Но, сколь ни малую часть забегов видит Конфетка, Рэкхэмов она видит отлично. Миниатюрная, как любой из жокеев, Агнес стоит в некотором отдалении от людской толчеи, ибо опасается, что ее там задавят. Бедный Уильям! Как бессильно заламывает он руки! Как просительно поглядывает на небеса, прося их излить некие чары, способные растопить сердце жены! Быть может, он жаждет посадить ее, точно дитя, себе на плечи, чтобы она хоть что-то увидела… Вместо этого он раз за разом втискивает свое нескладное тело в толпу, надеясь расчистить клочок земли, на который могла бы ступить Агнес. Пусть она даже ни одной лошади не увидит, но хоть полюбуется с его помощью на султана Занзибара, уж это-то, уверен он, ей понравится!

— Что за дьявольщина творится здесь в этом году! — восклицает Уильям в искательной попытке высказать мысли жены. Но Агнес отворачивается от него и в глазах ее мелькает страх, ее пугает бездумное взывание мужа к окружающим их демоническим силам.

Итак, Рэкхэмы остаются обок толпы, а Конфетка, вместо того, чтобы следить за скачками, следит за pas de deux супружеской четы. Супруга жмется к своему защитнику и при этом уклоняется от его прикосновений; супруг, коченея от рыцарства и раздражения, отчаянно пытается отыскать для существа, столь хрупкого, место в грубо теснящемся реальном мире. И кажется, что репертуар движений, выражающих это тонкое их несогласие, неисчерпаем.

Спустя недолгое время Конфетка замечает еще одного танцующего по окоему толпы человека: карманного вора. Сначала она принимает его за денди, фатоватого господина, слишком робкого, чтобы рискнуть затиснуться в людскую гущу, но затем обращает внимание на позу, в которой он зависает за спиной то одного, то другого зеваки, на почти похотливое удовольствие, с которым карманник бочком подбирается к людям и отступает от них, подобно опылившему цветок насекомому или нежнейшему в мире насильнику. Вот уж кому выпал нынче денек, доставляющий утонченное наслаждение.

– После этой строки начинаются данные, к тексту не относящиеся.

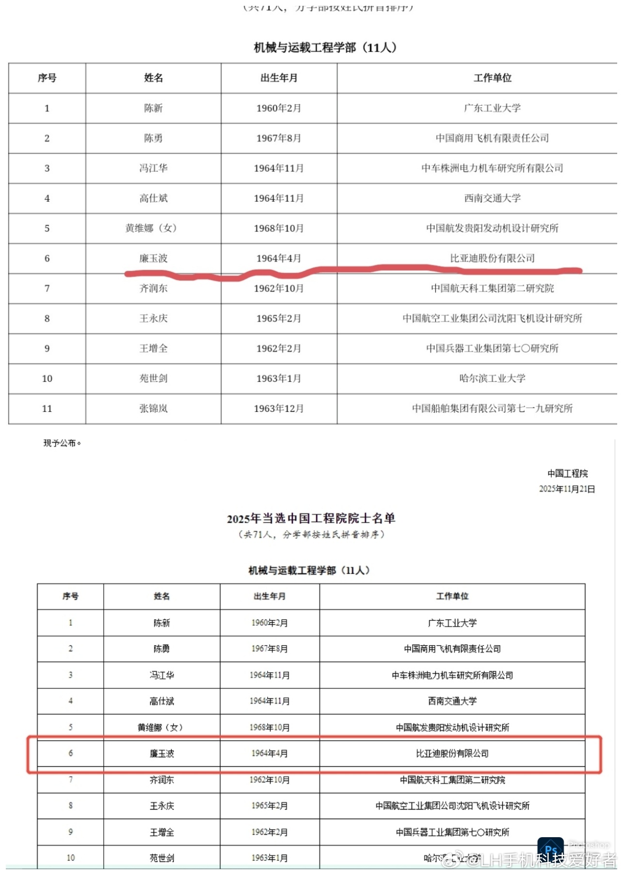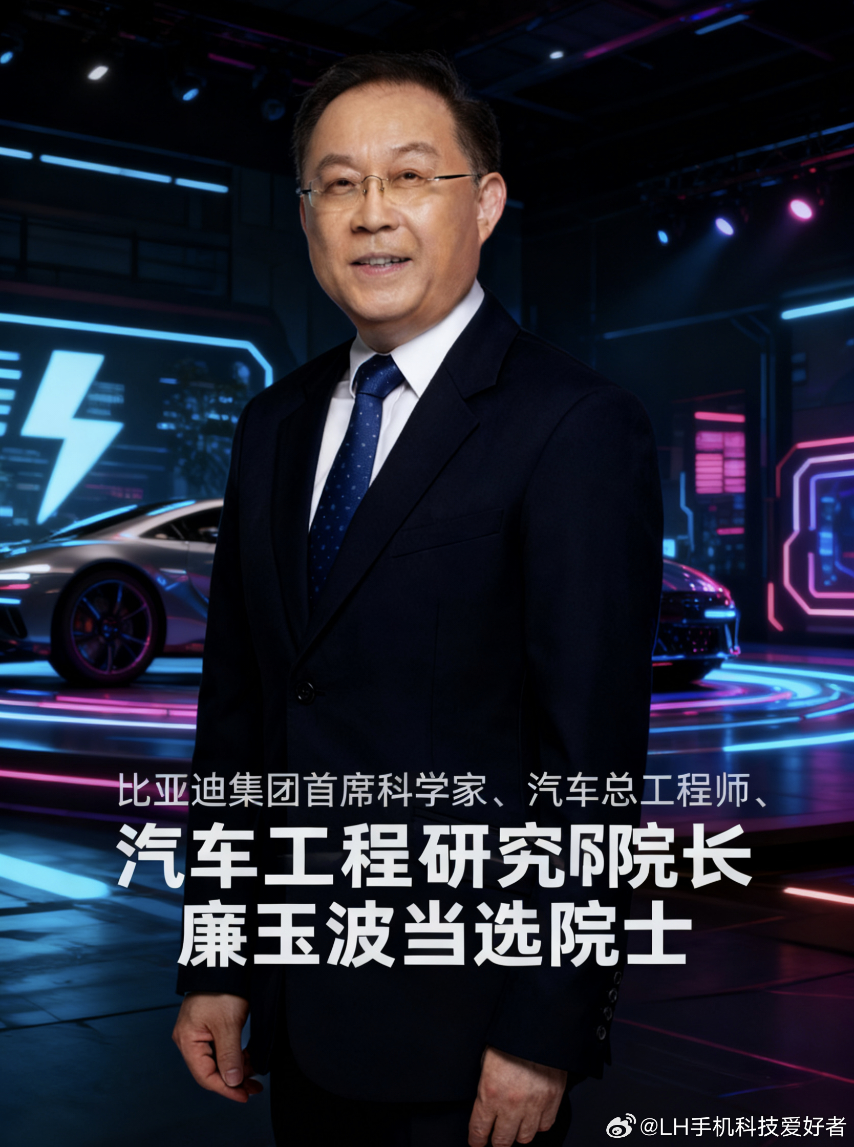 给各位迪粉们带来一个好消息,廉总被正式评为院士了。2025 年 11 月 21 日,中国工程院公布了 2025 年院士增选结果。点进去看了一下,比亚迪集团首席科学家、汽车总工程师、汽车工程研究院院长廉玉波当选中国工程院院士。之前有很多迪粉包括群友,都在盼着廉总能评为院士,如今也是如大家所愿了。要知道,院士是我国科学技术方面和工程科技领域的最高荣誉称号。能获此殊荣,说明廉玉波对新能源汽车行业做出了重大贡献,以技立身荣膺院士,比亚迪能有今天的成就也离不开廉总的付出。技术为王,创新为本,这个是比亚迪的发展理念,看看现在的汽车市场,十几年前谁能想到这一切?总之,这是实至名归,也是对廉总的认可。

Собственно говоря, заметив, что неторопливое продвижение мазурика подводит его все ближе и ближе к Уильяму с Агнес, Конфетка ни малейшего волнения испытать не должна бы; в конце концов, большого ущерба они, будучи обворованными, не понесут, а их реакции на незадачу этого рода лишь пополнят запас накопленных ею знаний. Один-единственный взгляд убеждает ее, что мягкая розовая сумочка Агнес сдвинута за спину, как того и требует новейшая мода, словно посланная ворам небесами. И стало быть, миссис Рэкхэм, сама напрашивается (как они это называют) на то, чтобы ее обокрали. Так почему бы Конфетке просто не постоять и не полюбоваться работой мастера своего дела? Изящества в нем черт знает на сколько больше, чем в балетных танцорах, которых она видела на прошлой неделе в Хрустальном дворце…

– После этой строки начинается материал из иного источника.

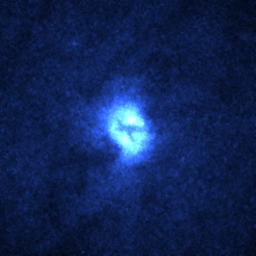 This image of the core of the nearby spiral galaxy M51, taken with the Wide Field Planetary Camera shows a striking, dark "x" silhouetted across the galaxy's nucleus. The "x" is due to absorption by dust and marks the exact position of a suspected black hole which may have a mass equivalent to one million stars like the Sun. The darkest bar may be an edge-on dust ring which is 100 light-years in diameter. The edge-on torus not only hides the black hole and accretion disk from being viewed directly from Earth, but also determines the axis of a jet of high speed plasma and confines radiation from the accretion disk to a pair of oppositely directed cones of light, which ionize gas caught in their beam. The second bar of the "x" could be a second disk seen obliquely, or possibly rotating gas and dust in M51 interacting with the jets and ionization cones. Image use statement at the time this image was obtained. All of the HST images available via WWW and ftp may be used without restriction as long as credit information accompanies the picture. Credit usually includes the principal scientist responsible for the data, AURA/STScI, NASA and/or ESA, the European Space Agency. Specific credit information may be found in the captions accompanying the images as plain text files. The captions are available via links from the Web pages as well as separate files in the gif directory on the ftp server. |

И все же, все же… Наблюдая за приближением мазурика к Агнес, Конфетка ощущает угрызения совести, которые скоро становятся почти нестерпимыми — такую же, примерно, муку испытывает человек, в шею которого с силой вдавливают тупой нож. Она должна предостеречь миссис Рэкхэм! Нельзя же не предостеречь ее! Как может она просто стоять и следить за происходящим, обратившись в немую соучастницу негодяя? Конфетка прочищает горло, — покашливание ее остается не слышным за гомоном толпы, — прикидывает, что именно могла бы она крикнуть Агнес. Когда она закричит, голос ее станет еще более уродливым. «Боже, кто эта вульгарная женщина, так хрипло орущая на меня?» — подумает Агнес…

Слишком поздно, момент упущен. Карманник проплыл за спиной миссис Рэкхэм, промедлив лишь миг. И в этот миг, понимает Конфетка, он рассек ее сумочку острым, как скальпель, ножом и выгреб оттуда все, что попало ему в лапу. Уильяма он оставил нетронутым, скорее всего, часов у мерзавца уже предостаточно.

Поеживаясь от стыда, Конфетка следит за танцующим в толпе вором, пока он не исчезает из виду. Многие привстали сейчас на носки и вытянули шеи, распрямясь, насколько это возможно для каждого: скачки вот-вот завершатся. Уильям предпринимает последнюю бессмысленную попытку расчистить путь для Агнес, провести ее в передние ряды; рука его неуверенно повисает над спиной жены, он не решается коснуться ее. Тут-то Уильям и замечает, что сумочка Агнес висит на ее спине, как оболочка лопнувшего воздушного шарика. И он что-то шепчет, склонившись к ее уху.

Агнес с белым, как мрамор, лицом отворачивается от толпы. Сделав несколько шажков, уводящих ее от сумятицы человеческих тел, она останавливается на голой полоске земли, футах примерно в десяти от Конфетки, ни шляпки, ни парасоля которой она, похоже, не видит. Широко раскрытые, наполненные слезами глаза Агнес пристально вглядываются в пустоту перед нею. Громкий восторженный крик поднимается за ее спиной, люди бросают в воздух кепки и размахивают шляпами.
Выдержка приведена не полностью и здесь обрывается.